Records from a data source:
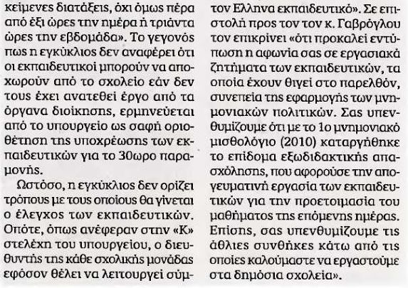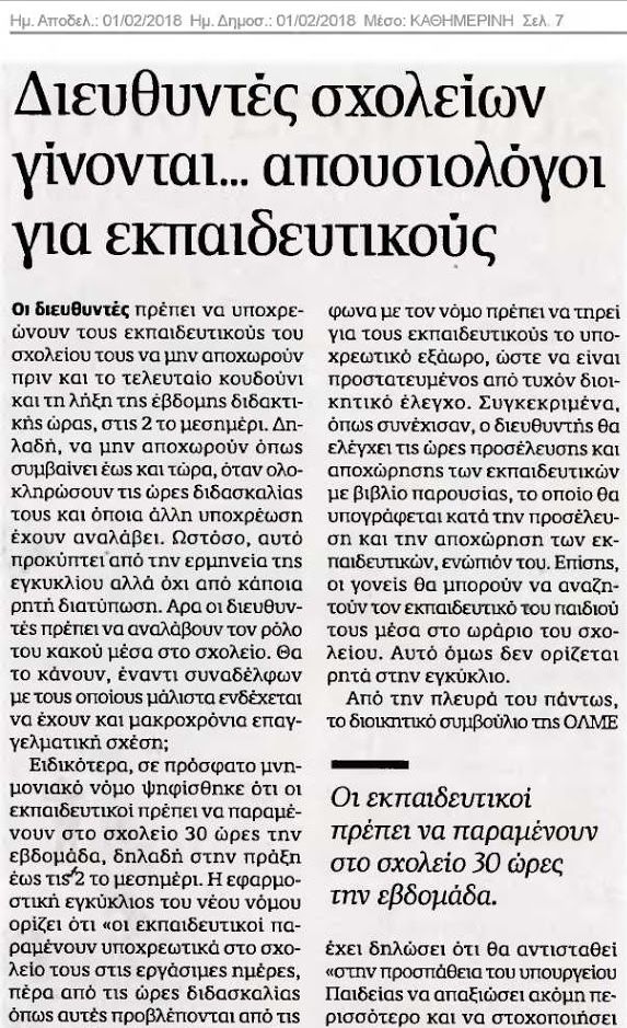 Συγκεκριμένα όπως συνέχισαν o διευθυντής θα ελέγχει τις ώρες προσέλευσης και αποχώρησης των εκπαιδευτικών με βιβλίο παρουσίας το οποίο θα υπογράφεται κατά την προσέλευση και την αποχώρηση των εκπαιδευτικών ενώπιόν του.
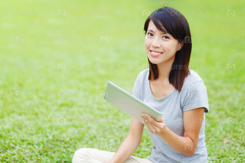 Азиатская женщина с планшетом
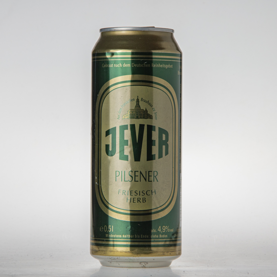 BIER BEER BIRRA CERVEZA … / Zutaten: Wasser, Gerstenmalz, Hopfenextrakt, Hopfen / Ingredients: water, malt, hops extract, hops / Ingredienti: acqua, malto, extracto de lupolo, lupolo / Ingredientes: agua, malta, extracto de lupolo, lupolo / … / CAT I, alc. 4,9% Gradi sacc. 11,9% Ext. sec. prim. 11,4% … 11,4 … / 11.6 fl. oz. imp. 0,5l 50cl 500ml / … / Made in Germany Brassee en Allemagne / FRIESISCHES BRAUHAUS ZU JEVER 26441 JEVER, GERMANY www.jever.de / 4 008948 161025 / Best before end: see bottom of can / Da consumarsi preferibilmente: vedi fondo / Consumir preferentemente antes de: ver base de la lata / … / FE DOSEN RECYCLING DER GRÜNE PUNKT / Kühl lagern
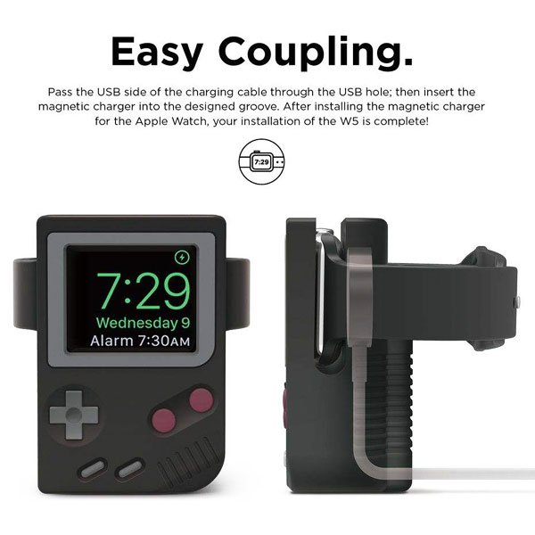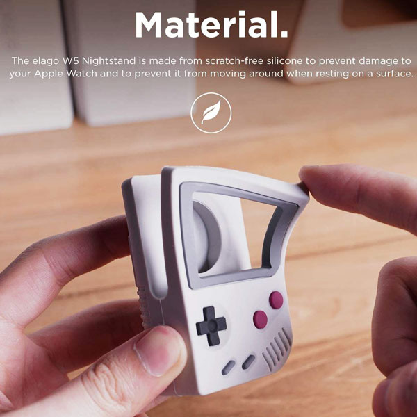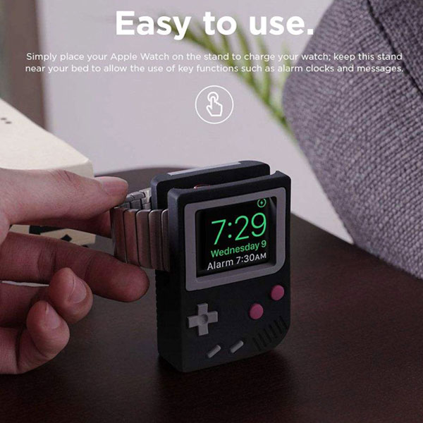 پایه نگهدارنده الاگو یکی از جدیدترین اکسسوری های برند معتبر الاگو است که طراحی آن یادآور بازی گیم های قدیمی است . این پایه از طریق رد شدن کابل شارژ در داخل آن به صورت ایستاده قرار میگیرد و اپل واچ شما را به صورت ایستاده بر روی میز شما همانند ساعت رومیزی شارژ میکند، لازم به ذکر است که دکمه های روی آن جنبه تزیینی داشته و سبب زیبایی ظاهر آن شده است. طراحی نوستالژیکی این محصول و کیفیت ساخت بالای آن از ویژگی های این محصول می باشد.
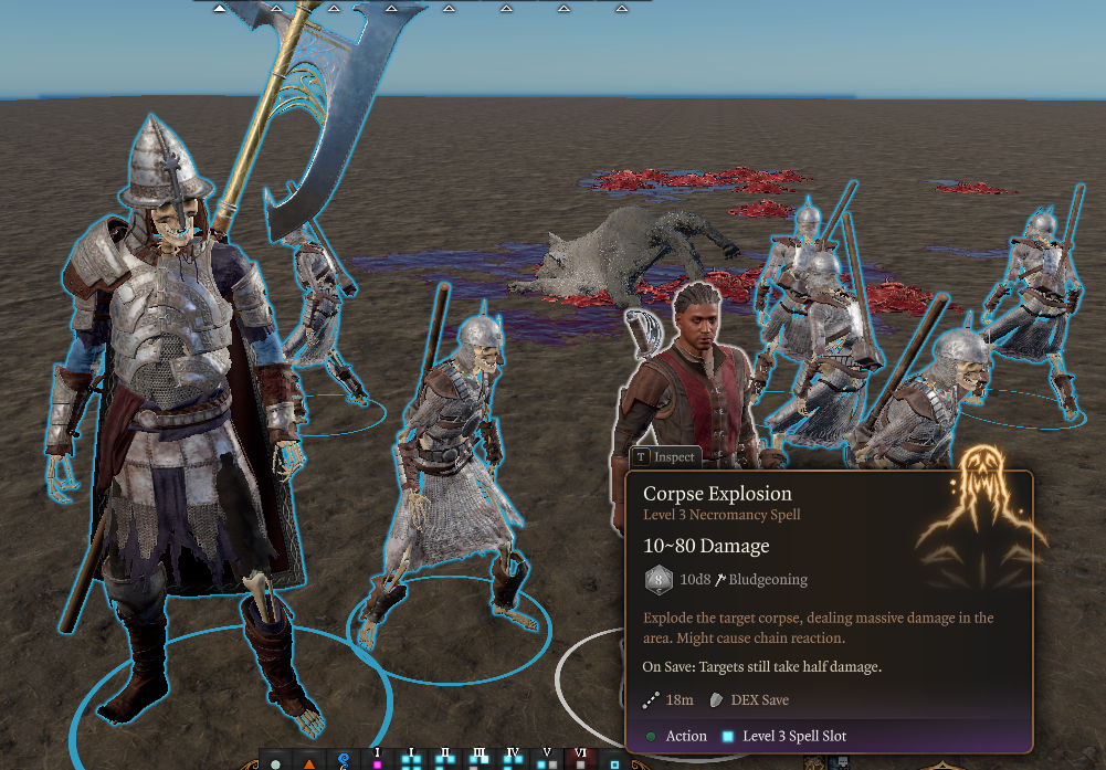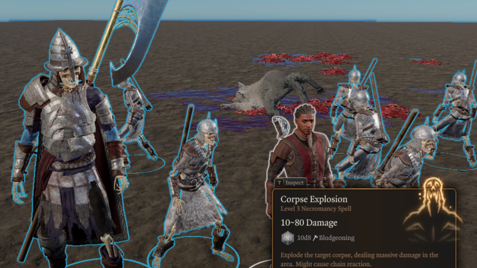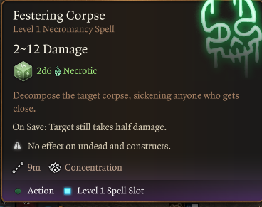 仍然喜欢囤积尸体?没问题。引入“尸体爆炸”!- 尸体爆炸:3级法师/牧师法术。引爆尸体,在小范围内造成10d8钝击伤害。你还可以以你的一名亡灵召唤物为目标,杀死它们的过程中。警告:这可能引发连锁反应。- 腐烂尸体:1级法师/牧师法术。使尸体腐烂,每回合对附近目标造成2d6点死灵伤害。需要集中精神。
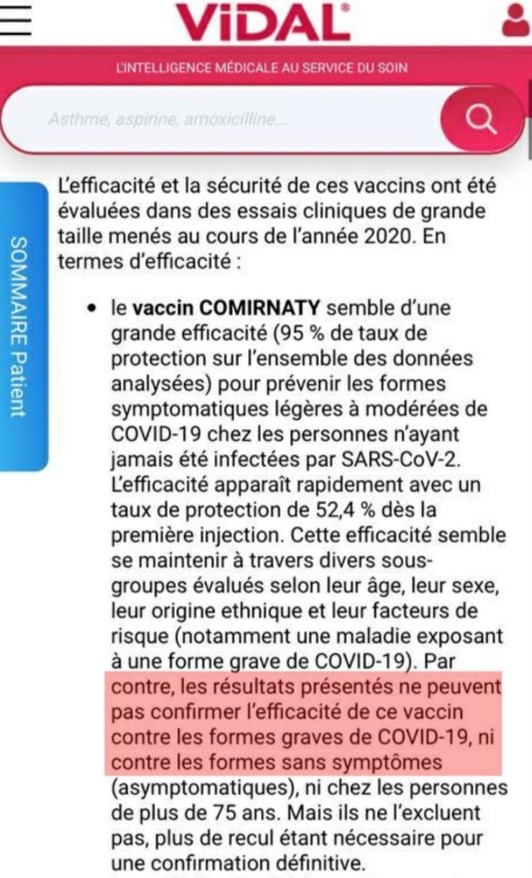 - Le Vidal précise que rien ne permet de confirmer ni d’infirmer l’efficacité des vaccins contre les formes graves (cf. capture).
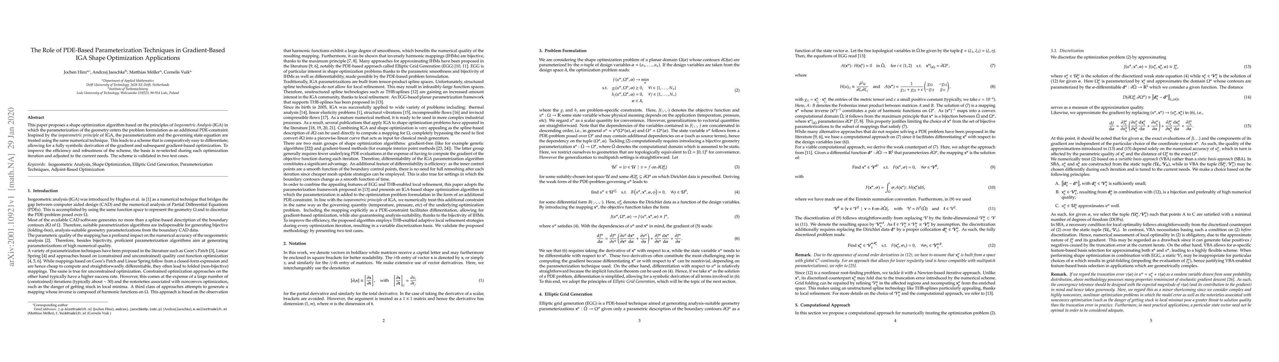This paper proposes a shape optimization algorithm that combines Isogeometric Analysis with parameterization techniques to improve efficiency and robustness in gradient-based optimization.
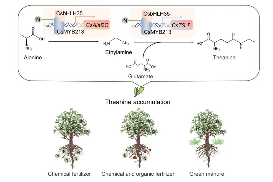该研究阐明了CsMYB213-CsbHLH35协同调控茶氨酸生物合成的分子机制,揭示了茶树在不同氮营养条件下茶氨酸生物合成的复杂调控机制,为提高茶叶茶氨酸含量提供了有效的栽培策略,也为高茶氨酸茶树品种创制提供了科学依据(图1)。
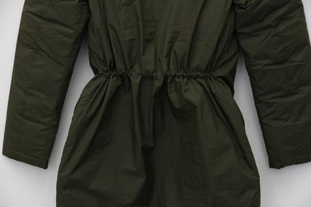 ダブルジップ仕立てのロングアウターです。ナイロン素材の中にダウンが多く詰め込まれた本格派。袖口は防寒用にリブ付で東北の寒さに対応可能です。ウエストは内側で絞れる機能付きでスマートなシルエットにも。驚きの軽さにより肩こりの心配もありません。

# Assignment:
Set down all the entries above verbatim, and include none of the pictures.

# Task result:
 Συγκεκριμένα όπως συνέχισαν o διευθυντής θα ελέγχει τις ώρες προσέλευσης και αποχώρησης των εκπαιδευτικών με βιβλίο παρουσίας το οποίο θα υπογράφεται κατά την προσέλευση και την αποχώρηση των εκπαιδευτικών ενώπιόν του.
 Азиатская женщина с планшетом
 BIER BEER BIRRA CERVEZA … / Zutaten: Wasser, Gerstenmalz, Hopfenextrakt, Hopfen / Ingredients: water, malt, hops extract, hops / Ingredienti: acqua, malto, extracto de lupolo, lupolo / Ingredientes: agua, malta, extracto de lupolo, lupolo / … / CAT I, alc. 4,9% Gradi sacc. 11,9% Ext. sec. prim. 11,4% … 11,4 … / 11.6 fl. oz. imp. 0,5l 50cl 500ml / … / Made in Germany Brassee en Allemagne / FRIESISCHES BRAUHAUS ZU JEVER 26441 JEVER, GERMANY www.jever.de / 4 008948 161025 / Best before end: see bottom of can / Da consumarsi preferibilmente: vedi fondo / Consumir preferentemente antes de: ver base de la lata / … / FE DOSEN RECYCLING DER GRÜNE PUNKT / Kühl lagern
 پایه نگهدارنده الاگو یکی از جدیدترین اکسسوری های برند معتبر الاگو است که طراحی آن یادآور بازی گیم های قدیمی است . این پایه از طریق رد شدن کابل شارژ در داخل آن به صورت ایستاده قرار میگیرد و اپل واچ شما را به صورت ایستاده بر روی میز شما همانند ساعت رومیزی شارژ میکند، لازم به ذکر است که دکمه های روی آن جنبه تزیینی داشته و سبب زیبایی ظاهر آن شده است. طراحی نوستالژیکی این محصول و کیفیت ساخت بالای آن از ویژگی های این محصول می باشد.
 仍然喜欢囤积尸体?没问题。引入“尸体爆炸”!- 尸体爆炸:3级法师/牧师法术。引爆尸体,在小范围内造成10d8钝击伤害。你还可以以你的一名亡灵召唤物为目标,杀死它们的过程中。警告:这可能引发连锁反应。- 腐烂尸体:1级法师/牧师法术。使尸体腐烂,每回合对附近目标造成2d6点死灵伤害。需要集中精神。
 - Le Vidal précise que rien ne permet de confirmer ni d’infirmer l’efficacité des vaccins contre les formes graves (cf. capture).
This paper proposes a shape optimization algorithm that combines Isogeometric Analysis with parameterization techniques to improve efficiency and robustness in gradient-based optimization.
该研究阐明了CsMYB213-CsbHLH35协同调控茶氨酸生物合成的分子机制,揭示了茶树在不同氮营养条件下茶氨酸生物合成的复杂调控机制,为提高茶叶茶氨酸含量提供了有效的栽培策略,也为高茶氨酸茶树品种创制提供了科学依据(图1)。
 ダブルジップ仕立てのロングアウターです。ナイロン素材の中にダウンが多く詰め込まれた本格派。袖口は防寒用にリブ付で東北の寒さに対応可能です。ウエストは内側で絞れる機能付きでスマートなシルエットにも。驚きの軽さにより肩こりの心配もありません。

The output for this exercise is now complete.